The productivity of universities in Finland is so tightly measured and monitored, that it is virtually impossible for them to engage in any activities outside the measured criteria. This in turn is not only up to the institutions in questions, since they can not alone set the criteria they are evaluated on. It is not at all clear whether the academic institutions in Finland are capable of taking care of the terminological responsibilities they are so willing to acknowledge.

Even if the institutions would not actively prohibit individual researchers or teachers from taking part in terminological work in their field, this might be caused by the fact that terminology work is not taken account in when for example evaluating candidates for academic posts. For this reason alone it might be, that maintaining and developing Finnish or Swedish terminology will probably not be part of professional academic work within academic institutions for any time soon.
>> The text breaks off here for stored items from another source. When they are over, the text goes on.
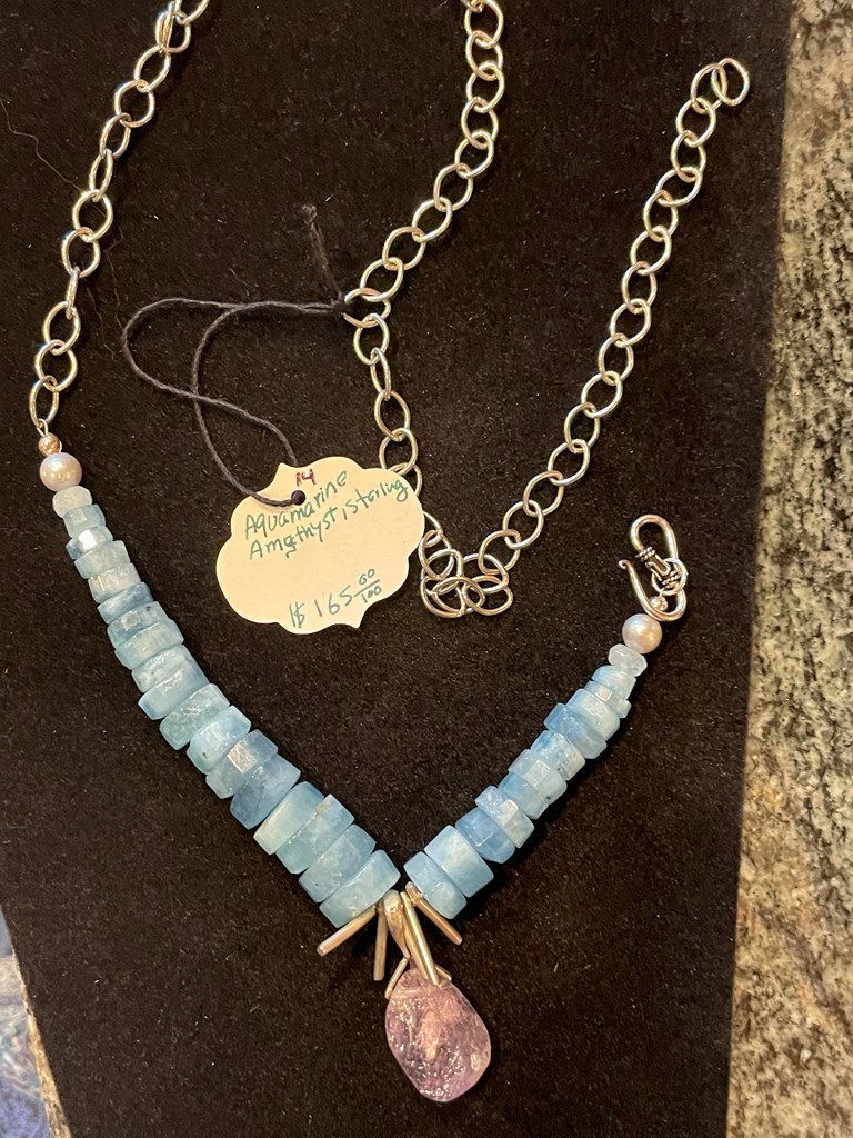 Aquamarine, Amethyst and Sterling Necklace. Adjustable Length. Nealoo Necklace 14.
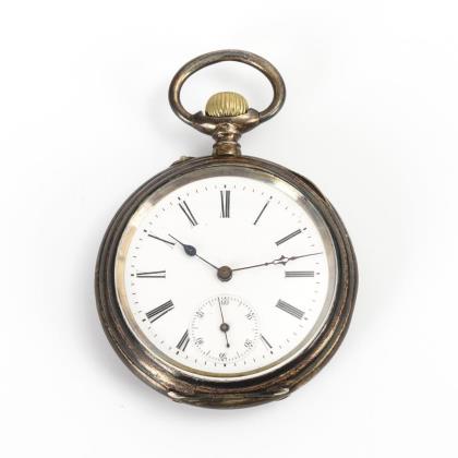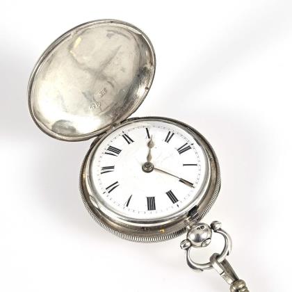Silver pocket watch and 2 porcelain Thuringian pocket watch holders.
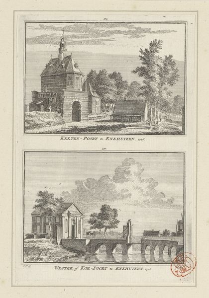 Curator: This print presents two cityscapes of Franeker. Carel Frederik Bendorp, the artist, created "Gezichten op de Oosterpoort en de Westerpoort te Franeker" between 1786 and 1792. These engravings depict the Oosterpoort, or Eastern Gate, and the Westerpoort, Western Gate, of this Dutch city. Editor: I am immediately struck by the contrast between the two views. The Oosterpoort seems more open and pastoral with figures strolling by the water. The Westerpoort, however, appears more enclosed and integrated into the city itself. Both have a peaceful feeling, but it feels more enforced in the bottom depiction. Curator: The scenes certainly evoke distinct atmospheres. The placement of each gate reflects the social and economic life that flowed through them. Consider the Baroque influences in landscape depiction at this time, a sense of harmony and order in the environment became critical. Editor: Yes, it's interesting how Bendorp frames the gates. In the upper image, you see what looks like a more leisurely public space with people near the canals, while the lower cityscape looks like part of someone's back garden! I wonder about who had access to these different parts of the town. Curator: Indeed. The prints offer more than just visual representations; they invite inquiries into Franeker’s social fabric and spatial politics. Bendorp's careful detailing captures elements of commerce and daily life from that era in the Netherlands, each telling their own story. Editor: This piece prompts so many questions about identity and access within urban environments and their legacy even now. It's remarkable how what may seem like just picturesque images opens to critical explorations of historical power dynamics. I see a world behind the details here. Curator: Exactly. These images help connect us to both an awareness of our history as well as an insight into modern day problems. It's fascinating how this single print from the Rijksmuseum offers avenues into Dutch life, the impact of the Baroque style on how the population viewed the landscape and also questions regarding inequalities in our own era. Editor: It reminds us to examine who benefits from constructed and "natural" beauty in our shared world.
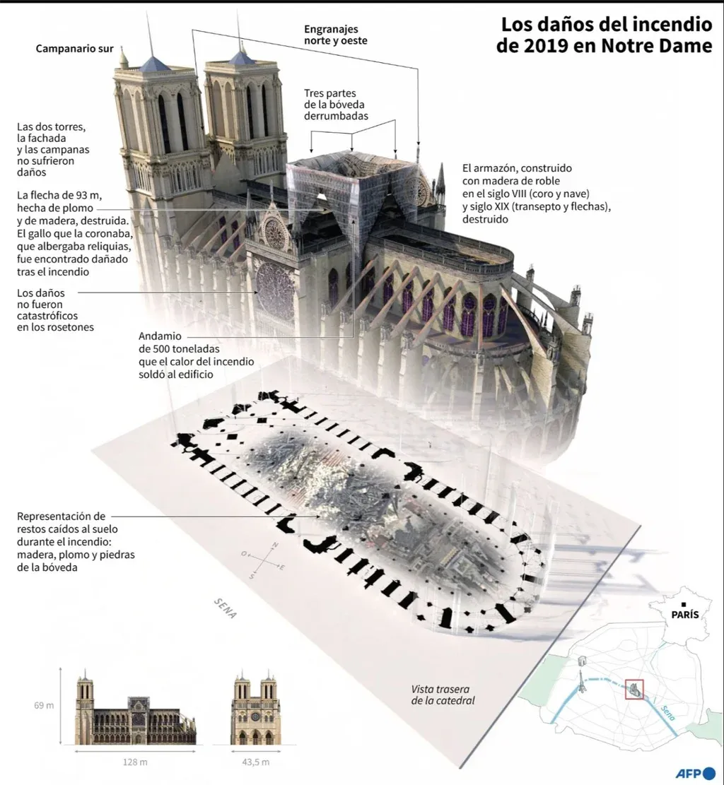 "Las obras avanzan a buen ritmo, lo que nos permite confiar en una reapertura a finales de 2024, de acuerdo con el objetivo fijado por el presidente" Emmanuel Macron, confirmó a la AFP el gabinete de la ministra de Cultura, Rima Abdul Malak.
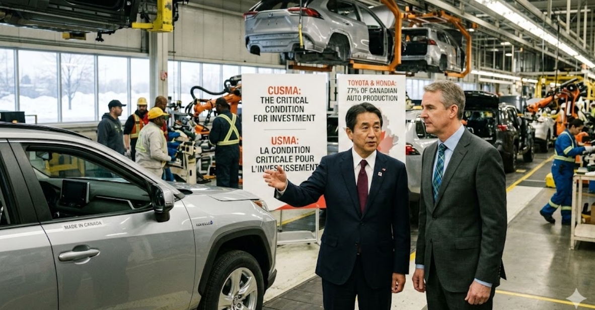 이미지 확대보기캐나다 자동차 산업의 명줄을 쥐고 있는 일본이 미국·멕시코·캐나다 무역협정(CUSMA) 재검토를 앞두고 캐나다 정부를 향해 사실상의 '최후통첩'을 보냈다.

A possibility now studied in BFT is making terminological work part of post-graduate studies. There are clear strengths in this approach: Post-graduate curriculums are more flexible than evaluation criteria. Post-graduate students are usually more or less closely supervised by experts of the field. Post-graduate studies usually involve working with the core terms and concepts of the field. Being of younger generation than their supervisors, they more easily adapt to the virtual environments (such as wikis and other collaboration platforms) necessary in the terminological work.
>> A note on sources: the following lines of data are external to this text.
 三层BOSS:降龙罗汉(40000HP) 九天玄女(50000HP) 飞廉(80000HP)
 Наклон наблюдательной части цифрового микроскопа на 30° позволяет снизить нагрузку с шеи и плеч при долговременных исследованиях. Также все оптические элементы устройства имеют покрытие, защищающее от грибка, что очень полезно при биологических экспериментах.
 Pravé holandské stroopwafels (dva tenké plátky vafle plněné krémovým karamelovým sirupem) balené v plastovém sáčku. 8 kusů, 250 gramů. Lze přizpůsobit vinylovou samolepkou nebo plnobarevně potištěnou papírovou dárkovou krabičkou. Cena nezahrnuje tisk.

BFT also seeks to make use of the existing social structure of learned societies through the partnership with the FFLS. Many of the learned societies have long traditions in Finnish terminology work and are already active. BFT tries to bring this activity under one umbrella and infrastructure. Through the learned societies terminology might make its way to the centre of the self-understanding of an academic field. This in turn might raise its importance and value inside the academic institutions as well and trigger the necessary changes to make working with terminology part of academic profession.